Over the past months, federal law enforcement has used a wide variety of surveillance technologies to track down rioters who participated in the 6 January attack on the US Capitol building – demonstrating rising surveillance across the nation.
Recent news coverage of the riot has largely focused on facial recognition – and how private citizens and local law enforcement officials have conducted their own facial recognition investigations in an attempt to assist the FBI with the help of social media. But charging documents reveal that the FBI has relied on a variety of other technologies, including license plate readers, police body cameras and cellphone tracking. And civil rights watchdogs like the ACLU are concerned that the same technologies used to surveil the rioters could impede protesters exercising their first amendment rights.
The Capitol riot was an exceptional event – marking the first time in centuries that insurrectionists breached the center of the US federal government. Many of those surveilled and charged belonged to white supremacist groups. But, according to Dave Maass of the Electronic Frontier Foundation, a non-profit advocating for free speech and digital privacy, the level of surveillance was “overkill”.
For example, charging documents for William Vogel of Pawling, New York, showed that “numerous tipsters” contacted the FBI when they recognized him in Snapchat videos he allegedly posted to his account during the riots.
Despite having video evidence that Vogel participated in the riots, the FBI also tracked his car from his home to the riots using automatic license plate readers (ALPRs). ALPRs use artificial intelligence to log the plate number of each car that passes certain cameras – which can be attached to police cars or fixed locations like street lamps. When someone registers a vehicle, their identifying information becomes associated with their license plate number, allowing law enforcement agencies to attach their identity to their car. A custom Google search of justice department records showed that law enforcement used ALPRs to track alleged Capitol rioters in at least five cases.
ALPR use has been expanding across the nation over the last decade, making it easier for law enforcement agencies to track individual cars from state to state, as they did in Vogel’s case. A 2011 survey of 70 law enforcement agencies found that almost three-quarters of agencies already had ALPRs, and that 85% planned to increase their use in the next five years.
Statistics suggest that ALPRs scan license plates at least a billion times each year in the US, and that the vast majority of the scans are not associated with a crime. The ACLU has fought for legislation on ALPRs because they are often used to track and store data of people who have not been accused of a crime. In Long Beach last year, a local publication reported that Pasadena and Riverside police used ALPRs to flag Black Lives Matter protest attendees.
Police body-worn cameras (BWCs) have also played a role in multiple Capitol riot investigations. BWCs have proliferated in the United States as part of an effort to increase police accountability. While much of the discussion surrounding BWCs in the last few years has focused on surveilling police, the cameras are often instead used as a tool for police to surveil citizens.

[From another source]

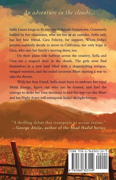 For fans of Hayao Miyazaki, this middle-grade novel welcomes you to an immersive Thai fantasy where twelve-year-old best friends Sofia and Cara explore the boundaries of family, friendship, and learning to forge your own path. Sofia Luana longs to fit into her Colorado hometown. Constantly bullied by her classmates, who see her as an outsider, Sofia only has her best friend, Cara Felicity, for support. When Sofia's parents suddenly decide to move to California, her only hope is Cara, who says her family's moving there, too. On their plane ride halfway across the country, Sofia and Cara see a magical door in the clouds. The girls soon find themselves in a new land filled with a shapeshifting octopus, winged warriors, and the exiled sorceress Muet starting a war to take the throne. With her best friend, Sofia must learn to embrace her royal Mehk lineage, figure out who can be trusted, and find the courage to make her own decisions to end the war--or else Muet and her Night Army will extinguish Sofia's skylight forever.

These cameras could infringe on legal first amendment activity. According to NPR and the Progressive, Klee Benally, an indigenous rights activist, was arrested in 2018 based on BWC footage, three weeks after rallying for Indigenous People’s Day in Flagstaff, Arizona. The protest blocked traffic, and investigators used BWC footage to determine which protesters caused the jam.
Police in Miami also used BWC footage to arrest BLM protesters weeks after the event. The ACLU has recommended that such footage should not be permissible evidence in the case of first amendment protests. The Capitol riot does not qualify as a first amendment protest as participants illegally entered a government building. However, DC Metropolitan police are permitted to use body-camera footage as evidence to arrest protesters participating in free speech activity – if they are engaged in “unlawful conduct”.
While the surveillance tools were used to monitor the mostly white crowd in the Capitol during the riots, research and news reports have indicated that Black demonstrators are more likely to be monitored during protests, and to be arrested for protest-related infractions than white demonstrators.
Christian Davenport, a political science professor at the University of Michigan, led a study of more than 15,000 protests between 1960 to 1990 to find out if race was a factor in police response to protests. Researchers found:
[W]hen compared with other groups, African American protesters are more likely to draw police presence and that once police are present they are more likely to make arrests, use force and violence, and use force and violence in combination with arrests at African American protest events.”
On top of concerns about privacy and racial inequity, Maass pointed out that rather than keeping the Capitol safer at the time of the attacks, surveillance seems to have replaced real-time police work.
“I was definitely sitting in front of the computer watching live and wondering ‘where are the cops?’ No one was kicking people out,” he said. “All the surveillance in the world didn’t serve to prevent what happened … it’s helping them clean up the mess afterwards. Surveillance is not a replacement for judgment.”